Required work =>
The material below contains a line with "Atatürk'ün ebediyete intikal" and a line with "这个铺位比较不显眼, 好容易忽略. 高质素食品, 奶茶有茶味和幼滑口感.". Copy exactly those two lines and all lines between them.

┌─ Records to process

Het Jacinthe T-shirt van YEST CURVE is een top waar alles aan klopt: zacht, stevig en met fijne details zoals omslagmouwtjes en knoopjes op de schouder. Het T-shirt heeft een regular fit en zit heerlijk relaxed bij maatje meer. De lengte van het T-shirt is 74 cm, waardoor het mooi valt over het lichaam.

└─
┌─ Records to process

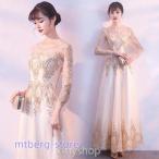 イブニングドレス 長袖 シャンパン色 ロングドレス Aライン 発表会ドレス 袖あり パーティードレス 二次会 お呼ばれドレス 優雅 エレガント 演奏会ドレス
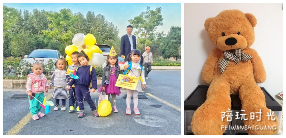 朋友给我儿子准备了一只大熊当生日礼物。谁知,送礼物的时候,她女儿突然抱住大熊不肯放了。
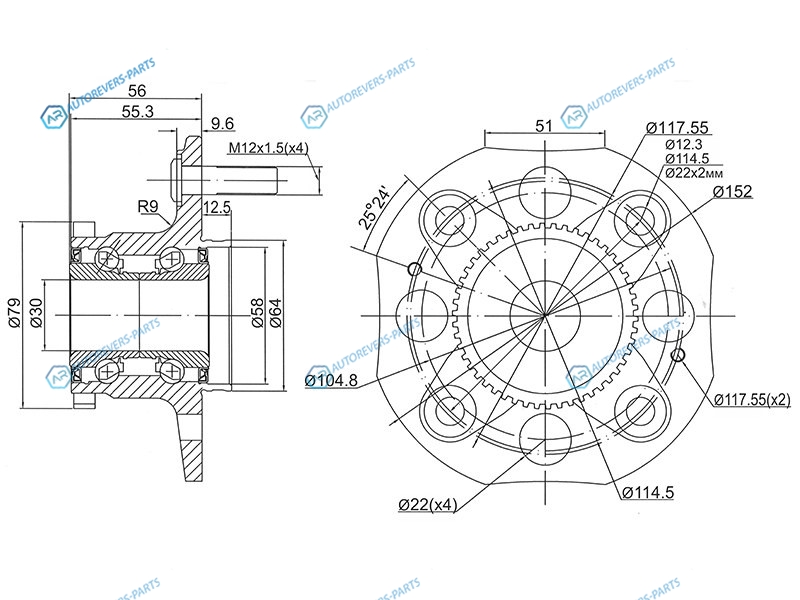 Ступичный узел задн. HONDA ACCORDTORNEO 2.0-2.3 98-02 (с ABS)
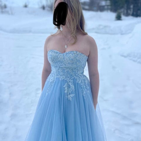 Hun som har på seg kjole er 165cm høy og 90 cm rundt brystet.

└─
┌─ Records to process

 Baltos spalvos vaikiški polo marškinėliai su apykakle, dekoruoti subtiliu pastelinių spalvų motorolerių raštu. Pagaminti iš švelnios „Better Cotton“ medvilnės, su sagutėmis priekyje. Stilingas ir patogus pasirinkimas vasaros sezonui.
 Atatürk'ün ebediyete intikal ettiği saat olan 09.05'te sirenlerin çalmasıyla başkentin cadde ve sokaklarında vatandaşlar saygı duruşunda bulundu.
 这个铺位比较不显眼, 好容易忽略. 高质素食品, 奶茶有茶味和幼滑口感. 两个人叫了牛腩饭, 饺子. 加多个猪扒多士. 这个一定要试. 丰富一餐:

└─

Response to this exercise =>
 Atatürk'ün ebediyete intikal ettiği saat olan 09.05'te sirenlerin çalmasıyla başkentin cadde ve sokaklarında vatandaşlar saygı duruşunda bulundu.
 这个铺位比较不显眼, 好容易忽略. 高质素食品, 奶茶有茶味和幼滑口感. 两个人叫了牛腩饭, 饺子. 加多个猪扒多士. 这个一定要试. 丰富一餐:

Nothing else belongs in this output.